Saved data entries:
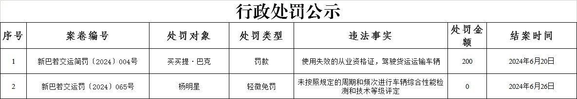 行政处罚公示(2024.6.26)
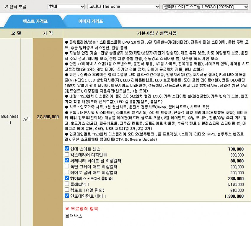 ▶ 차종 및 등급 : 쏘나타 더엣지 렌터카 스마트스트림_LPG 2.0_비지니스 1_25MY
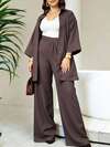 SHEIN Plus Size Women Casual/Office Solid Color Shirt And Pants 2 Pieces Set
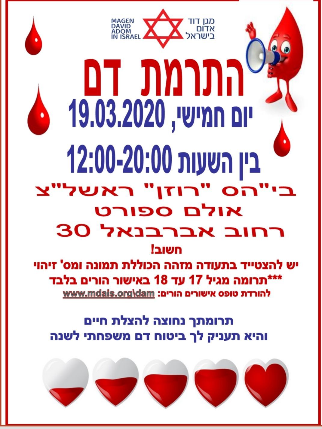 בית ספר רוזן בראשון לציון יקיים בשיתוף הנהגת ההורים הבית ספרית אירוע התרמת דם ב יום חמישי הקרוב 19.3.20 החל מהשעה 12:00 ועד 20:00 אולם הספורט בביהס "רוזן"
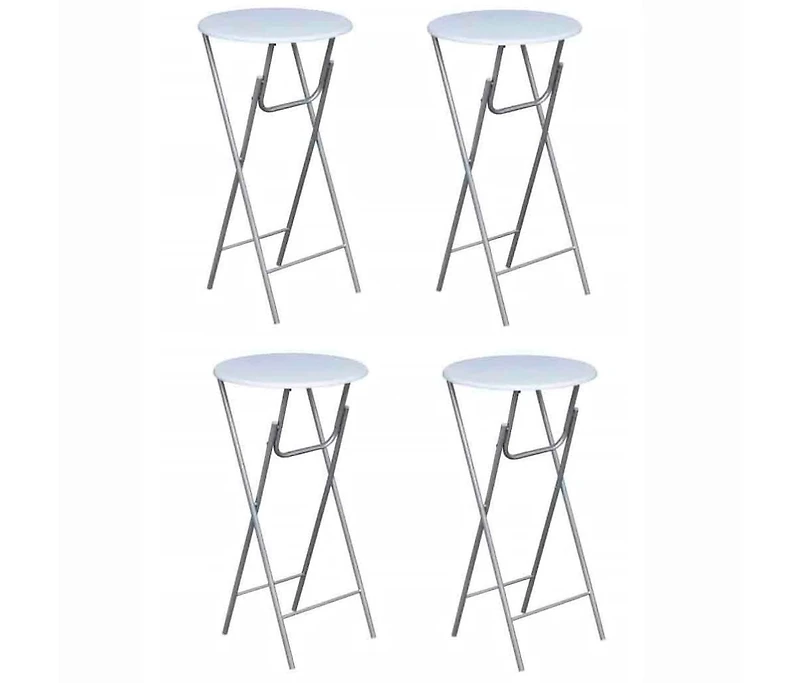 This 4-Piece White Folding Bar Table Set is all about functionality and style for any dining or gathering space

WHAT IS REQUIRED:
Omit the pictures, and please restate word for word the lines running from the line with "בית ספר רוזן" to the end of the entries.

ANSWER TO THE EXERCISE:
 בית ספר רוזן בראשון לציון יקיים בשיתוף הנהגת ההורים הבית ספרית אירוע התרמת דם ב יום חמישי הקרוב 19.3.20 החל מהשעה 12:00 ועד 20:00 אולם הספורט בביהס "רוזן"
 This 4-Piece White Folding Bar Table Set is all about functionality and style for any dining or gathering space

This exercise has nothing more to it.